Cette politique traduit toute la crainte des classes dirigeantes, leur crainte devant la riposte des travailleurs pour exiger leur dû, toutes origines confondues. Il n’y aura pas de contre-offensive sans politique internationaliste, de classe, formulant clairement que les travailleurs n’ont pas de patrie et que seule leur unité peut renverser ce vieux monde.

Regroupons-nous en rupture avec les institutions et le dialogue social pour changer le monde

Préparer les suites du 5, face à l’offensive globale de la bourgeoisie et du gouvernement et en réponse à la passivité des directions syndicales, c’est tisser des liens, nous coordonner pour préparer notre réponse sur le terrain social et politique, notre terrain de classe. Cette réponse ne peut être une nouvelle journée d’action sans lendemain, ni le piège des élections pour enterrer notre révolte. Ne nous laissons pas endormir par les boniments électoraux, les élections ne changeront rien. Elles ne nous permettent rien d’autre que de défendre nos idées avec Philippe Poutou et les autres candidats révolutionnaires, Nathalie Arthaud et Anasse Kazib, d’y porter la perspective d’un programme pour en finir avec la domination du capital et imposer le contrôle des travailleurs, de celles et ceux qui produisent tout, sur la société.

Dès maintenant, nous avons besoin de prendre en main le contrôle de nos luttes pour en être les acteurs conscients, nous unir, dépasser les clivages et réalités des appareils syndicaux pour construire notre unité en toute indépendance de classe.

Dans les différents collectifs issus des mobilisations de Gilets jaunes ou de la lutte pour les retraites, dans ces collectifs militants cherchant à rompre les sectarismes et les jeux d’appareil tant syndicaux que politiques, des liens se tissent à la base, des solidarités se construisent.
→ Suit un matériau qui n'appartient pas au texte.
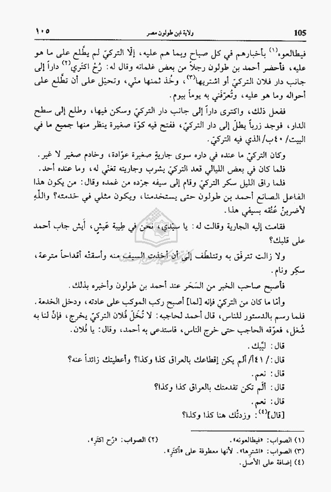فيطالعوه (¬1) بأخبارهم في كل صباح وبما هم عليه، إلاّ التركيّ لم يطّلع على ما هو عليه، فأحضر أحمد بن طولون رجلا من بعض غلمانه وقال له: رح اكتري (¬2) دارا إلى جانب دار فلان التركيّ أو اشتريها (¬3)، وخذ ثمنها منّي، وتحيّل على أن تطّلع على أحواله وما هو عليه، وتعرّفني به يوما بيوم.

Organisons-nous, discutons de notre programme pour les luttes qui pose l’urgence du contrôle des travailleur(se)s et des classes populaires sur toute la marche de la société. Comme le disaient bien des manifestants, c’est une révolution qu’il faudrait ! Oui, mais elle sera le produit de notre action collective consciente et organisée. Elle commence aujourd’hui en prenant, nous-mêmes, le contrôle démocratique de nos propres actions.